### Records shown
>>>>
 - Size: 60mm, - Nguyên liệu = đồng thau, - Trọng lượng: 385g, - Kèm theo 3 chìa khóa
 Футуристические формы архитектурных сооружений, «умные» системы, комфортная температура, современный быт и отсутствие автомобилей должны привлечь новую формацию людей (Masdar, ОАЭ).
<<<<
>>>>
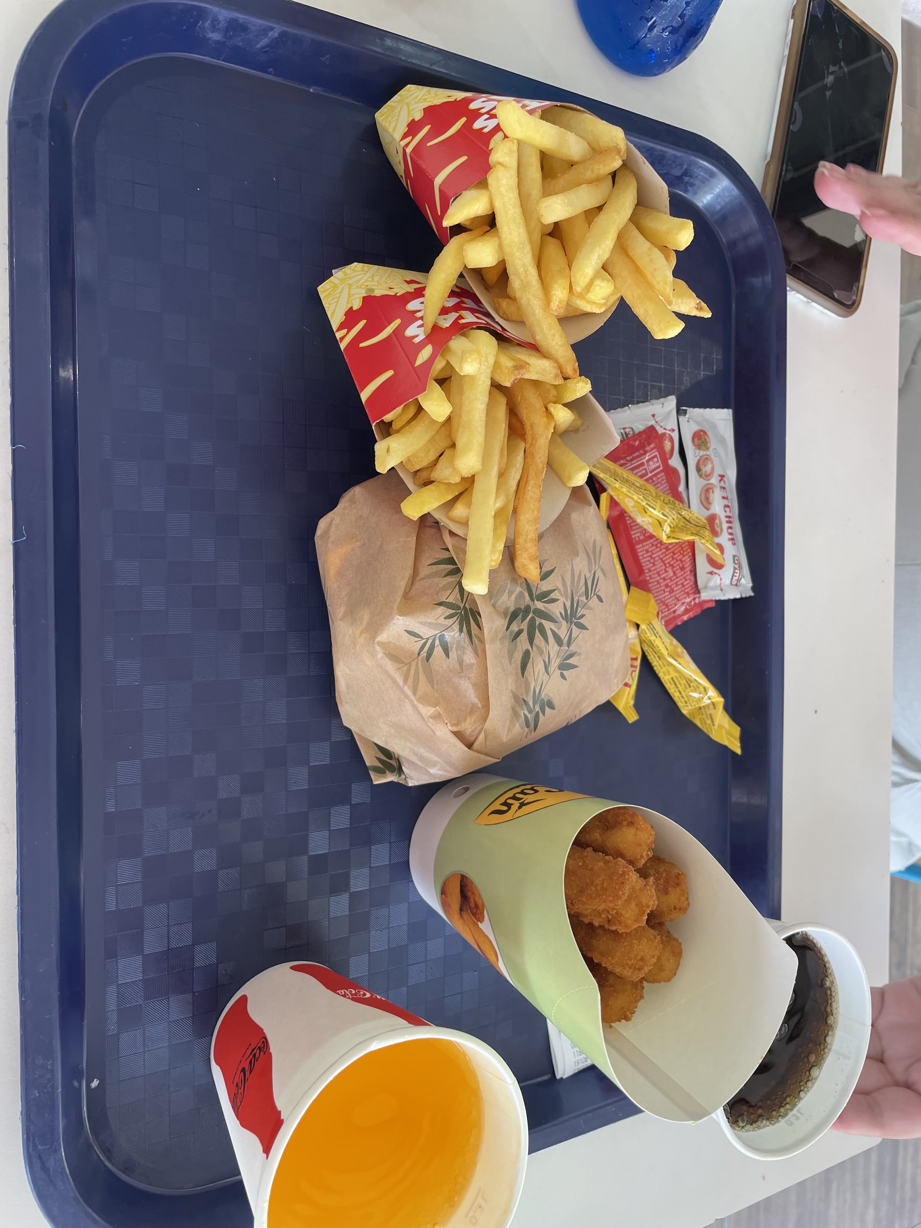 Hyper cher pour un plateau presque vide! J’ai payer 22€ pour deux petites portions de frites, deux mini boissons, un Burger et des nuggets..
<<<<
>>>>
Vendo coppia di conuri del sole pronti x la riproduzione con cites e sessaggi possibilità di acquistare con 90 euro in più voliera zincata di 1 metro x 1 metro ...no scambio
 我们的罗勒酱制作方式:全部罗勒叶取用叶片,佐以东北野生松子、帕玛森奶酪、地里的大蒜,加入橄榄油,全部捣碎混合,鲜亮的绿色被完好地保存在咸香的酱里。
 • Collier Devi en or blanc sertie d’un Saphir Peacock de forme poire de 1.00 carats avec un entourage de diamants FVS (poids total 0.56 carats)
<<<<
### Work instruction
Reproduce only the lines above, starting at the line with "Vendo coppia di" and ending at the line with "total 0.56 carats)", exactly as written.

### Reply
Vendo coppia di conuri del sole pronti x la riproduzione con cites e sessaggi possibilità di acquistare con 90 euro in più voliera zincata di 1 metro x 1 metro ...no scambio
 我们的罗勒酱制作方式:全部罗勒叶取用叶片,佐以东北野生松子、帕玛森奶酪、地里的大蒜,加入橄榄油,全部捣碎混合,鲜亮的绿色被完好地保存在咸香的酱里。
 • Collier Devi en or blanc sertie d’un Saphir Peacock de forme poire de 1.00 carats avec un entourage de diamants FVS (poids total 0.56 carats)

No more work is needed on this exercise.